Le lieutenant civil était allé à sa terre de Villequoy, en Beauce, pour y passer en famille les fêtes de Pâques. Pâques tombait, en 1670, le 6 avril. Son frère, le conseiller, fut de la partie. Il emmena un seul domestique, La Chaussée. Durant son séjour à Villequoy, La Chaussée aida les cuisiniers. On servit sur la table une tourte de béatilles. Tous ceux qui en mangèrent furent extrêmement malades le lendemain, tandis que les autres se portaient bien. Le 12 avril, on revint à Paris. Le lieutenant civil avait le visage d'un homme qui avait extrêmement souffert.
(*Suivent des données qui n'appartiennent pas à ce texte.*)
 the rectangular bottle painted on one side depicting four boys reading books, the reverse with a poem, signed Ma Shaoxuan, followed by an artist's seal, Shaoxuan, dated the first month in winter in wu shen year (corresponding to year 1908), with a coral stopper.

Les détails de l'empoisonnement sont horribles. Antoine d'Aubray se conservant et se rafraîchissant extrêmement, le poison n'avait pas son effet si vite ; il eut extrêmement de peine à mourir. La Chaussée, assidu auprès de son maître, lui donnait du poison à tous moments. Le corps était si puant et infect pendant la maladie qu'on ne pouvait durer dans la chambre ; le malade était de si méchante humeur qu'on ne pouvait l'aborder, aussi Mme de Brinvilliers ne se présentait-elle pas souvent, elle y envoyait sa sœur la dévote. Cependant La Chaussée ne se rebutait point à servir son maître, il n'y avait que lui qui le pût changer du lit sur le matelas et du matelas sur le lit. Le malheureux souffrait des maux incroyables. Il arriva à La Chaussée de s'écrier : Ce bougre-là languit bien ! il nous fait bien de la peine ! je ne sais quand il crèvera !
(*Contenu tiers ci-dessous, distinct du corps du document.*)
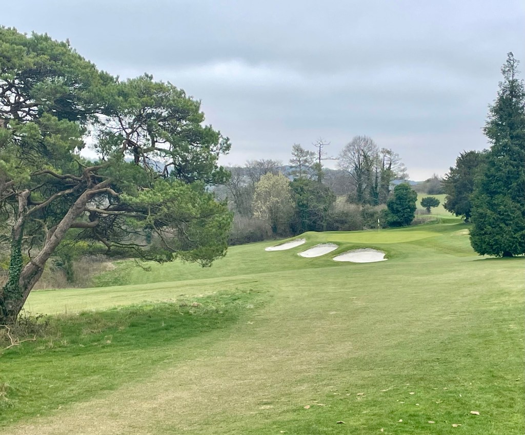 - 4th – a challenging longer par 4 where the tee shot is played to a fairway sliding left to right, which can be used to run past the copse of trees on the left side, with an elevated green that also runs the same way with severe run offs to the right and rear.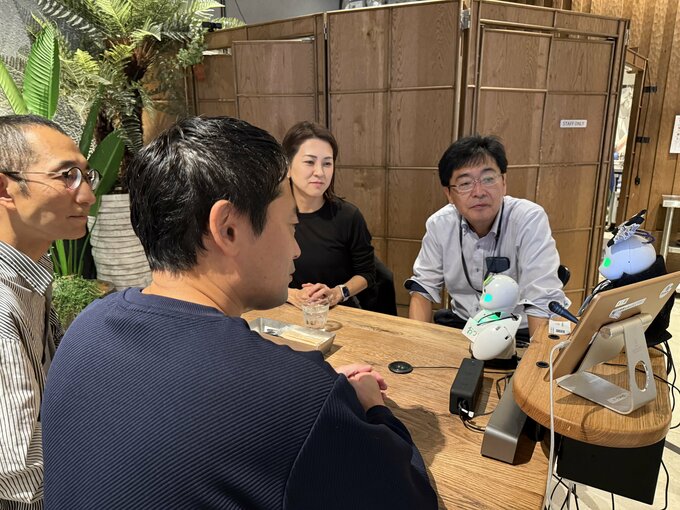 「OriHime(オリヒメ)」は遠隔操作で動く分身ロボットです。カメラ、マイク、スピーカーが搭載され、6つのモーターで動きます。AIは搭載されておらず、パソコンやスマートフォンを使って人間が動かします。

Mme de Brinvilliers était à Sains, en Picardie. Elle racontait à Briancourt, le précepteur de ses enfants devenu son amant, qu'on était occupé à empoisonner son frère le conseiller. Elle lui expliquait qu'elle voulait faire une bonne maison, que son fils aîné, qu'on nommait déjà le Président, remplirait un jour la charge de lieutenant civil de M. d'Aubray ; elle ajoutait qu'il y avait encore quelque chose à faire. Ces sentiments étaient sincères. Mme de Brinvilliers chercha à élever et à établir ses enfants — qui étaient sa chair, dit-elle — conformément aux rêves brillants qu'elle nourrissait pour l'avenir de sa maison. Il est vrai qu'elle commença à empoisonner sa fille aînée, mais c'est parce qu'elle la trouvait sotte. Puis elle en eut du regret et lui fit boire du lait.
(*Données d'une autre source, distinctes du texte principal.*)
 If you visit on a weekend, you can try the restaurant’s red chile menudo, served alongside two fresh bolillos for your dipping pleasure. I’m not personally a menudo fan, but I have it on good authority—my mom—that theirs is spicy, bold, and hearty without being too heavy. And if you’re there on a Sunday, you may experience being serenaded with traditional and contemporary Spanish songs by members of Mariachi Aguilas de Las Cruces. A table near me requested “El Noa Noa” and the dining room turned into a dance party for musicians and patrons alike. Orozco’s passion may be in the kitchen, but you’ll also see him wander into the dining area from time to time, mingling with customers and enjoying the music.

Telle a été l'une de ses préoccupations dominantes. Il y faut joindre le besoin de vivre avec honneur, c'est-à-dire en brillant équipage, avec de belles parures, un grand train de maison, et en entretenant ses amants d'une manière magnifique. Il lui fallait la gloire du monde, l'expression ne cesse de revenir sur ses lèvres. C'est pour l'honneur qu'elle a empoisonné tant de gens. Le mot est d'elle.

Le martyre du lieutenant civil, frère de la marquise, dura trois mois. Il amaigrissait, déclare le médecin, desséchait, perdait l'appétit, vomissait souvent, brûlait dans l'estomac. Il mourut le 17 juin 1670. Le conseiller à la Cour mourut au mois de septembre suivant. Cette fois, le docteur Bachot, médecin ordinaire du lieutenant civil, les chirurgiens Duvaux et Dupré et l'apothicaire Gavart, après autopsie, déclarèrent que le défunt avait été empoisonné ; mais on soupçonna si peu les auteurs du crime que La Chaussée toucha un don de cent écus légué par son maître pour ses loyaux services.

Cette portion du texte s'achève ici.